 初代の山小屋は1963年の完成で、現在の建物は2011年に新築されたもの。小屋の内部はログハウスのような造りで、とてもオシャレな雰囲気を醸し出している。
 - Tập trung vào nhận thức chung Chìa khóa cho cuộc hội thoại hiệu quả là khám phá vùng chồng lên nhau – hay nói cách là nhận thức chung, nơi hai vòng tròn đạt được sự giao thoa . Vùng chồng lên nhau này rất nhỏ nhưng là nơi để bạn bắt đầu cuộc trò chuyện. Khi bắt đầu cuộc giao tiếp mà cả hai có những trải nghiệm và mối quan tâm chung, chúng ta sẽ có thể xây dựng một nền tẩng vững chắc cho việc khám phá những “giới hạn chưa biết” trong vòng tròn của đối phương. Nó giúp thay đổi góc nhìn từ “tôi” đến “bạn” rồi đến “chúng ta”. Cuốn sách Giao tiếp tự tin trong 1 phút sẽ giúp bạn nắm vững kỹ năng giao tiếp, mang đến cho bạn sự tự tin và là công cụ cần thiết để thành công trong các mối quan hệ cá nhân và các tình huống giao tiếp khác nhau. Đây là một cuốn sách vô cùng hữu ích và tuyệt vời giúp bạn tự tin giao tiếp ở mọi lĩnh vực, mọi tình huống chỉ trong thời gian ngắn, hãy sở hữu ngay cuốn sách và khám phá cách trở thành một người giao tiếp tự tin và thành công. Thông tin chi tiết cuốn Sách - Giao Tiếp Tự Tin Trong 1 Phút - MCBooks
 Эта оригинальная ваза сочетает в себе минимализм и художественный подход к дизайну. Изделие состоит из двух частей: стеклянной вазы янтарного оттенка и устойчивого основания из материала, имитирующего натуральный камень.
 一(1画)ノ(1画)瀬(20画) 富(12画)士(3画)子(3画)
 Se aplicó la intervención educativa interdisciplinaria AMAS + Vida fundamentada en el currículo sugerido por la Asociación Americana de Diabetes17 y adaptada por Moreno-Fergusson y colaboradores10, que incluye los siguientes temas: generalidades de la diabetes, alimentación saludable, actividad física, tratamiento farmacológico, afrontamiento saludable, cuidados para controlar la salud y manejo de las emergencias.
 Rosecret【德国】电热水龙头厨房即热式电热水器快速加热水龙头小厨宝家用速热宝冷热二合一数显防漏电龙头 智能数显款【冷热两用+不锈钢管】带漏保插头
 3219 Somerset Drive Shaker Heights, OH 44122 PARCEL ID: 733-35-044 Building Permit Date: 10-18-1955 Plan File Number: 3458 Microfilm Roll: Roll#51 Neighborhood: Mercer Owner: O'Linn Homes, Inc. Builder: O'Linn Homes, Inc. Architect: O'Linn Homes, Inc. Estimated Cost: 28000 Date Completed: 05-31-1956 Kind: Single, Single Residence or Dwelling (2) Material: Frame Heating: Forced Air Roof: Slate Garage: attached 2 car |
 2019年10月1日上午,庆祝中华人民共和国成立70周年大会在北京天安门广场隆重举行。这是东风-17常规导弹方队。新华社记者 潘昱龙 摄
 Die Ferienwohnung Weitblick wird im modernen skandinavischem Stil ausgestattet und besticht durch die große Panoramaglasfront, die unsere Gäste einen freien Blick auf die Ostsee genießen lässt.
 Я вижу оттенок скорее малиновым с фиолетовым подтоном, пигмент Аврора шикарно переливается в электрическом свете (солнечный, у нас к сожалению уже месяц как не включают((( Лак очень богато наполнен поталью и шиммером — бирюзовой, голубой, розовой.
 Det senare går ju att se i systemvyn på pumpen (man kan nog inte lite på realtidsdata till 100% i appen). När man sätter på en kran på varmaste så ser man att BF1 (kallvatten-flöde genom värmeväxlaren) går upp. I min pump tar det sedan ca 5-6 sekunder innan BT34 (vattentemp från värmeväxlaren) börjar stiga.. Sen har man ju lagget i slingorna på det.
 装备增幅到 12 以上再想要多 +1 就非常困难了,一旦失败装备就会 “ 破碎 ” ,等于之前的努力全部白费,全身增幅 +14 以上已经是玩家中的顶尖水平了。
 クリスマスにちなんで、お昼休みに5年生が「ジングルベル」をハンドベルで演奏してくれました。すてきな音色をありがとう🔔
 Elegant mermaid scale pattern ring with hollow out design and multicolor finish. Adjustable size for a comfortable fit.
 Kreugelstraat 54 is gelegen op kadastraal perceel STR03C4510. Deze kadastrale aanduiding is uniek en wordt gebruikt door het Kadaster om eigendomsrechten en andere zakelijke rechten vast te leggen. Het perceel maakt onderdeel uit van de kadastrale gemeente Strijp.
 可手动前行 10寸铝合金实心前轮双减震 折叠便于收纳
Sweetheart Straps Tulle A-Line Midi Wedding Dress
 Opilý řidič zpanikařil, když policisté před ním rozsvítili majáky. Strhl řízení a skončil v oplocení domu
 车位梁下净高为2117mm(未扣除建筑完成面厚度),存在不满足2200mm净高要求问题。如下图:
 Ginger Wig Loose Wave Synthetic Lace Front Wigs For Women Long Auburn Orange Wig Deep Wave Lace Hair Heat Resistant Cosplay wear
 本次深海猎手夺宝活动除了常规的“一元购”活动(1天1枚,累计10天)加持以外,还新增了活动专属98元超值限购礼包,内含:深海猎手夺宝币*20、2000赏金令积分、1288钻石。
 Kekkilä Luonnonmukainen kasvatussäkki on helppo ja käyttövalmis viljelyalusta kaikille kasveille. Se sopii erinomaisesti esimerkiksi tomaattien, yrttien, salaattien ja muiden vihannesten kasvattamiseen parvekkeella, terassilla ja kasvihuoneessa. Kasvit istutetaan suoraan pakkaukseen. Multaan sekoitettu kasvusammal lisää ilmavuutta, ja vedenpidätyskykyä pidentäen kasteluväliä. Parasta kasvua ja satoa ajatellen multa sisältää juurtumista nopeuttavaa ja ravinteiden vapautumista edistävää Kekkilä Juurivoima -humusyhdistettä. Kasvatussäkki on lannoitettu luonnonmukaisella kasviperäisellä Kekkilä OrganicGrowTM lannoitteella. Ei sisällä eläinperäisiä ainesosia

- _WHAT IS REQUIRED_
From the records above, copy out the line with "一(1画)ノ(1画)瀬(20画) 富(12画)士(3画)子(3画)", the line with "Rosecret【德国】电热", and every line between them, word for word.

- _RESPONSE TO THE EXERCISE_
 一(1画)ノ(1画)瀬(20画) 富(12画)士(3画)子(3画)
 Se aplicó la intervención educativa interdisciplinaria AMAS + Vida fundamentada en el currículo sugerido por la Asociación Americana de Diabetes17 y adaptada por Moreno-Fergusson y colaboradores10, que incluye los siguientes temas: generalidades de la diabetes, alimentación saludable, actividad física, tratamiento farmacológico, afrontamiento saludable, cuidados para controlar la salud y manejo de las emergencias.
 Rosecret【德国】电热水龙头厨房即热式电热水器快速加热水龙头小厨宝家用速热宝冷热二合一数显防漏电龙头 智能数显款【冷热两用+不锈钢管】带漏保插头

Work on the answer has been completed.